É um técnico muito competente. E lamento que a direção do Grêmio não queira contratá-lo por "incompatibilidade de ideias". Diria que isso é bem preocupante, inclusive.
Igor Natusch disse…
Supor oportunismo alheio sem elementos para tal é o mais pobre dos argumentos. Lamento, apenas.

Quanto ao Tite ter problemas no quesito convicção (algo que realmente aconteceu em certas oportunidades, como aponta o Prestes), acho que é um defeito que se manifesta quando ele se sente inseguro no cargo que ocupa - algo natural, no fundo, para todos os profissionais que gostam do seu emprego e começam a acomodar interesses para mantê-lo. O caso das "ovelhinhas", por ex, se deu quando ele tinha um bom tempo de casa no Grêmio. Mesma coisa no Internacional. Não me parece algo INTRÍNSECO a Adenor Bacchi, e sim um recurso em momentos de tensão.
Marcelo Sperling disse…
que seja também um tapa na cara do inter, que esculachou esse treinador pra dar lugar a sabe-se lá quem.
Vine disse…
Lembro de dois momentos bem distintos do Tite no Inter. O primeiro foi no primeiro jogo da final da Sul-Americana em 2008, onde Guiñazu foi expulso, em seguida o Inter fez gol de pênalti e o time passou a jogar com duas linhas de quatro, de forma perfeita, anulando o Estudiantes. Fiquei sabendo, na época, que, quando desempregado, Tite viajou pra Europa apenas pra observar como funcionava um time com essas duas linhas. Treinador interessado e apaixonado pelo trabalho, portanto.
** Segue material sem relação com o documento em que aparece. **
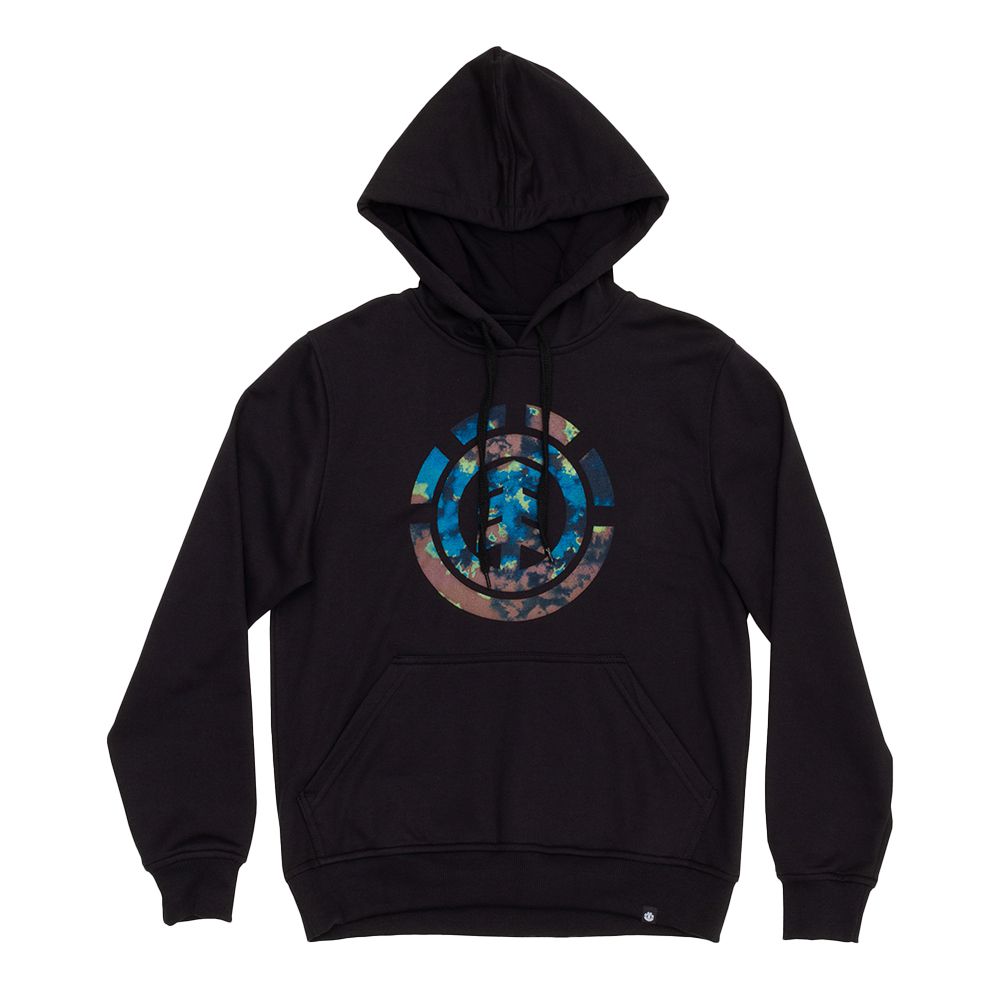 Moletom Element fechado com capuz e bolso canguru, estampa com logo em tie dye na frente e etiquetas personalizadas da marca.
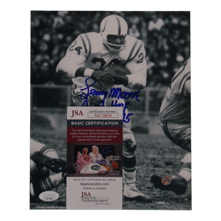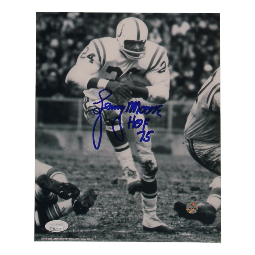 Lenny Moore Signed Colts 8x10 Photo Inscribed "HOF 75" (JSA)
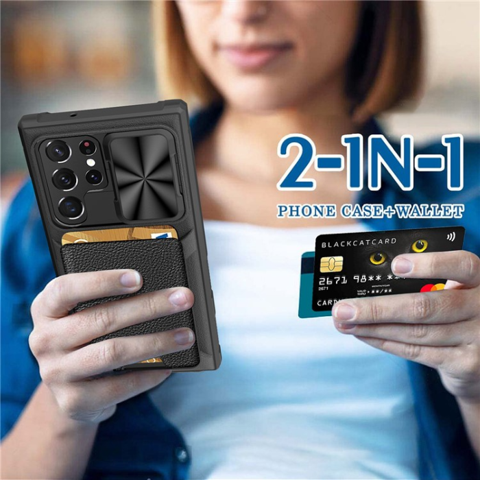 Galaxy S23 Plus Mobilskal Detachable Korthållare PC+TPU med Kamera Slider - Svart
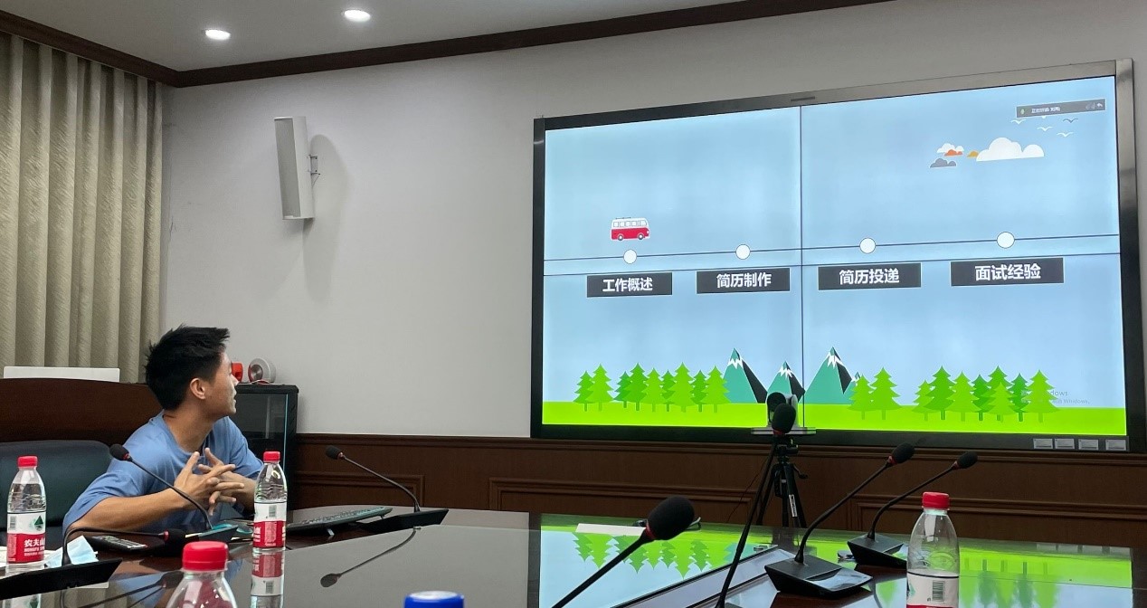 在对于找工作方面,番号鸽 毕业的唐小锋、向斌学长向我们具体介绍了就业的规划。他们结合自身经历向同学们建议在不确定是否能够保研的情况下,可以选择以找工作作为保障。在找工作的准备方面,学长向大家简单分析了企业秋招与春招的区别,秋招的条件与难度相对于春招较为简单。对于就业规划学长介绍了就业的形式,并对于找工作流程进行了简单分享:工作概述、简历制作、简历投递和面试经验四个方面。简历方面学长提到推荐了APP来辅助同学完成个人简历的撰写。
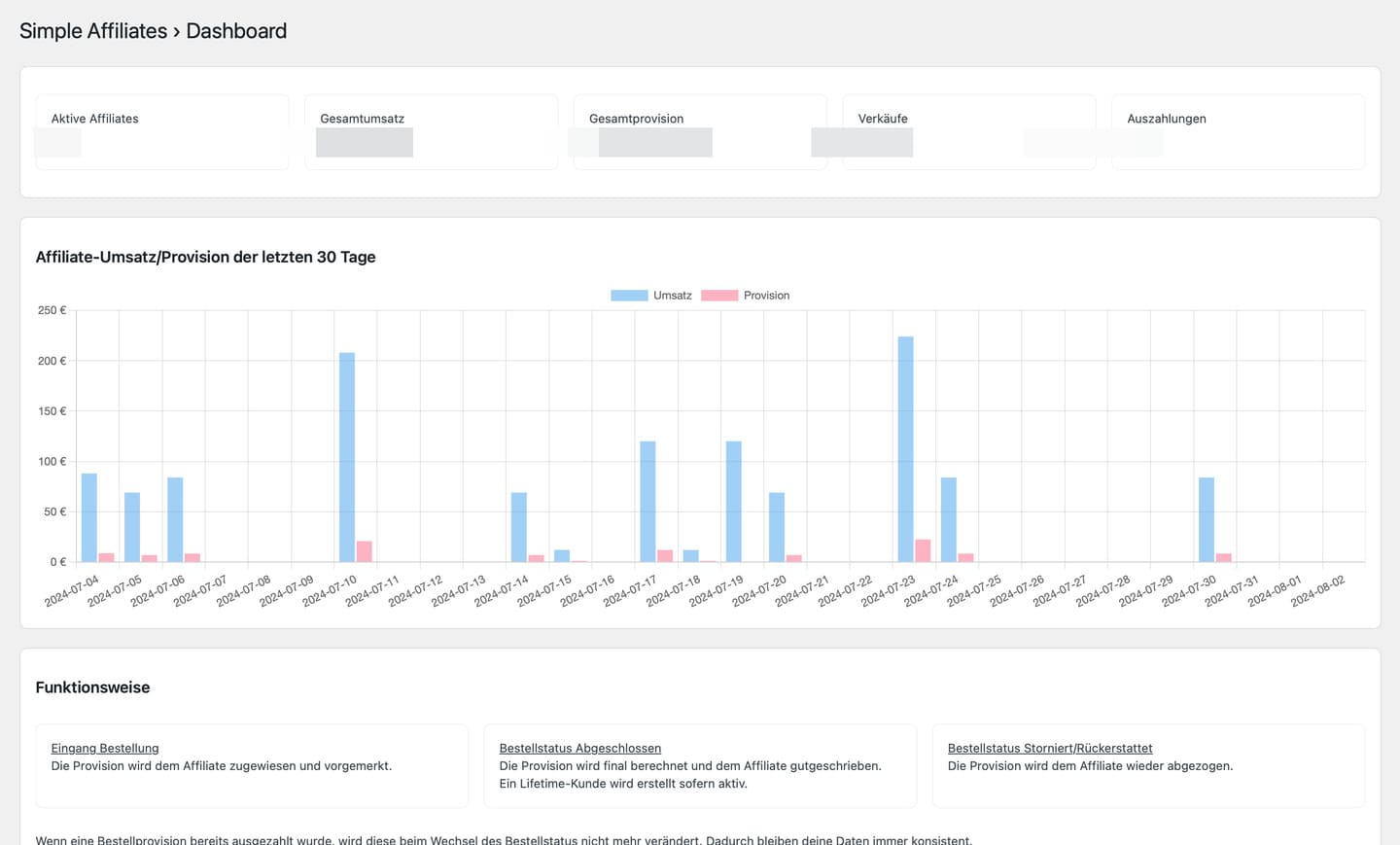 Mit dem „Simple Affiliates for WooCommerce“-Plugin machst du Affiliate-Marketing effizient und benutzerfreundlich. Steigere deinen Umsatz, behalte den Überblick und biete deinen Affiliates eine erstklassige Erfahrung.

Já o segundo foi durante 2009, onde o Inter tinha um time até bem montado, mas quase nulo no ataque (ao menos era o que eu observava). O time jogava de modo feio, pouco eficiente, embora não perdesse muitos jogos. Eu era um que pedia sua saída. Quando aconteceu, percebi que, com ele, o Inter brigava o tempo inteiro pelo título brasileiro...

Só pra terminar, acho que ele deu uma amadurecida legal no Corinthians. Sabe-se lá se foi por causa da filosofia do clube, da pressão, do grupo, etc, mas ele realmente teve um crescimento.